For our sceneario, let us take 100 bins over the b1
axis, which is our normalized returns,
and take the remaining default options.
OLS Regression Results
==============================================================================
Dep. Variable: b0 R-squared: 0.184
Model: OLS Adj. R-squared: 0.176
Method: Least Squares F-statistic: 22.11
Date: Wed, 01 May 2024 Prob (F-statistic): 8.45e-06
Time: 18:03:49 Log-Likelihood: 418.85
No. Observations: 100 AIC: -833.7
Df Residuals: 98 BIC: -828.5
Df Model: 1
Covariance Type: nonrobust
==============================================================================
coef std err t P>|t| [0.025 0.975]
------------------------------------------------------------------------------
Intercept 0.0008 0.000 2.259 0.026 0.000 0.002
b1 0.0003 6.98e-05 4.702 0.000 0.000 0.000
==============================================================================
Omnibus: 4.233 Durbin-Watson: 1.528
Prob(Omnibus): 0.120 Jarque-Bera (JB): 4.101
Skew: 0.444 Prob(JB): 0.129
Kurtosis: 2.559 Cond.
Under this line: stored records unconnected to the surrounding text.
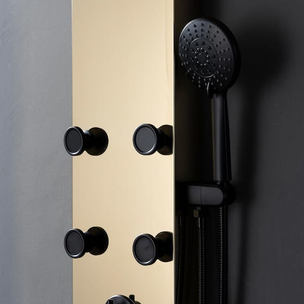 Dual 3-in-1 6-Jet Rainfall Shower Panel Tower System with Rainfall Waterfall Shower Head and Shower Wand in Black Gold
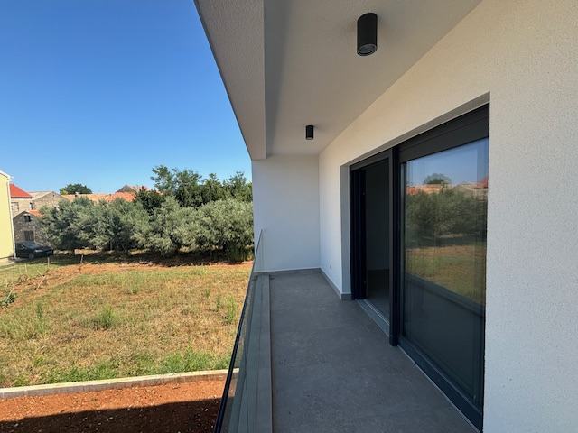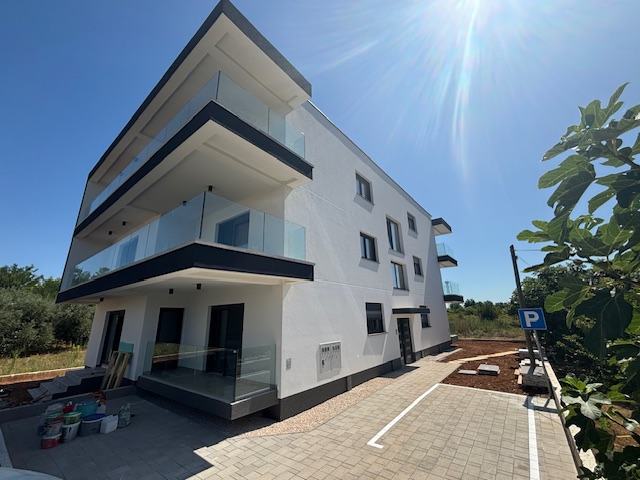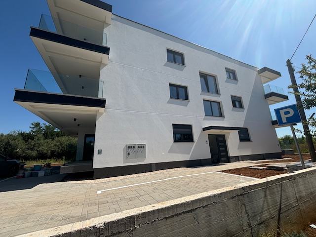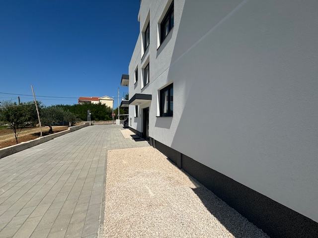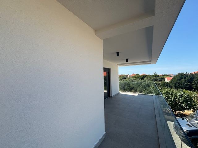 APARTMAN U PRIVLACI!! Prodaje se apartman u novogradnji u Privlaci. Zgrada je udaljena 200 m od plaže. Stan se sastoji od hodnika, ostave, wc-a, kupaonice, dnevnog boravka, kuhinje i blagovaonice, te dječije i spavaće sobe i balkona. Stanu pripada i parkirno mjesto koje ima dovedenu vodu i struju. Stan ima podno grijanje cijelog stana kroz sustav dizalice topline sa spremnikom vode od 190 litara i odvjenu inverter klimatizaciju svih prostorija. Svaka prostorija ima utičnice za internet. Roletne u cijelom stanu su električne. Moguća zamjena za manju nekretninu uz nadoplatu.
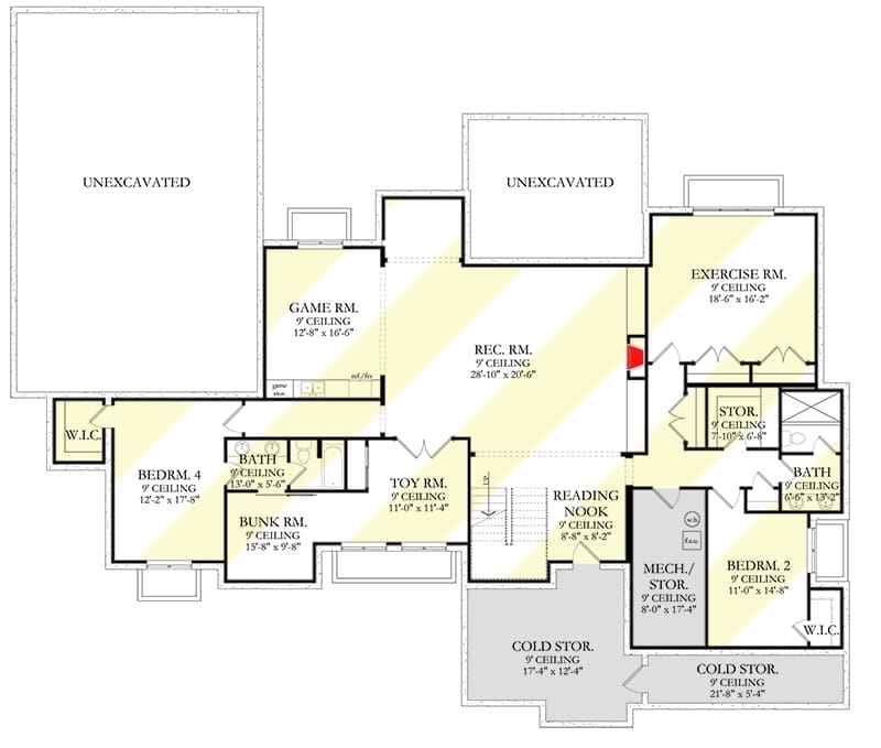 The basement includes a recreation room, game room, exercise room, two additional bedrooms with walk-in closets, and a bunk room attached to a toy room.

No. 5.36
==============================================================================
Notes:
[1] Standard Errors assume that the covariance matrix of the errors is correctly specified.


and all regression studies suggest that momentum exists in cryptocurrency returns over daily timescales. Of course, since the data has been transformed, the interpretation of the regression results and analysis needs to be adjusted in relation to the binning and aggregation techniques employed.
The library also supports methods to study multivariable regression, as in the statsmodels
package, as well as convenience methods to obtain diagnostics for common issues such as multicollinearity concerns with statistics like condition number and variance-inflation-factors.